PyData London 2022

“Off with their I/Os!” - or how to contain madness by isolating your code
06-18, 11:00–11:45 (Europe/London), Tower Suite 3

Engulfed in a tedious refactoring of your code, you’re adding the 7th layer of mocks to a test when you realise something must have gone wrong somewhere, but what ? You’ve written readable code, split into functions and classes to avoid long chunks of code, and yet, every time, you end up with hardly testable code, a test suite that runs for hours, functions with seventeen arguments, and you wonder if it’s you mocking the code or the code mocking you.

Follow the white rabbit with me to learn about usual problems of code organization and I/O architecture, and some tricks on how to handle I/Os and dependencies isolation. We might encounter a bit of SOLID advice, and maybe even a nice hat!


The intended audience is intermediate to senior data scientists, who have already, or will soon encounter problems with testing, maintaining or expanding a growing codebase.

This talk will help you understand the benefits of good architecture, with a focus on isolating your I/O (inputs/ outputs) and other third-party dependencies, and guide through how to achieve it in practice, from simpler to more complex cases. I will present good practices coming from software engineering, with a focus on applying them to a data science context.

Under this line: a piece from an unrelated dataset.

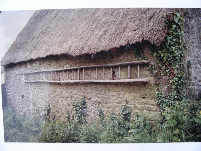 Elévation nord, échelle utilisée pour réparer la toiture de chaume, 1986 (cliché G. Danet)Immatriculation

Outline: - (2 min) Intro - (4 min) Functional programming ideas - (6 min) Isolating I/O with a clean architecture (“onion” architecture) - (5 min) Benefits in terms of testing and maintainability - (8 min) How to isolate third-party dependencies using dependency injection and abstraction layers - (5 min) QA

I cannot promise that the Liskov substitution principle won’t be mentioned, but I will do my best to make it clear and understandable.


Prior Knowledge Expected

No previous knowledge expected

Sarah Diot-Girard has been working with Machine Learning since 2012 and she enjoys using data science tools to find solutions to practical problems. She is particularly interested in practical issues, both ethical and technical, coming from applying ML into real life. She gave talks about data privacy and algorithmic fairness, and software engineering best practices applied to data science.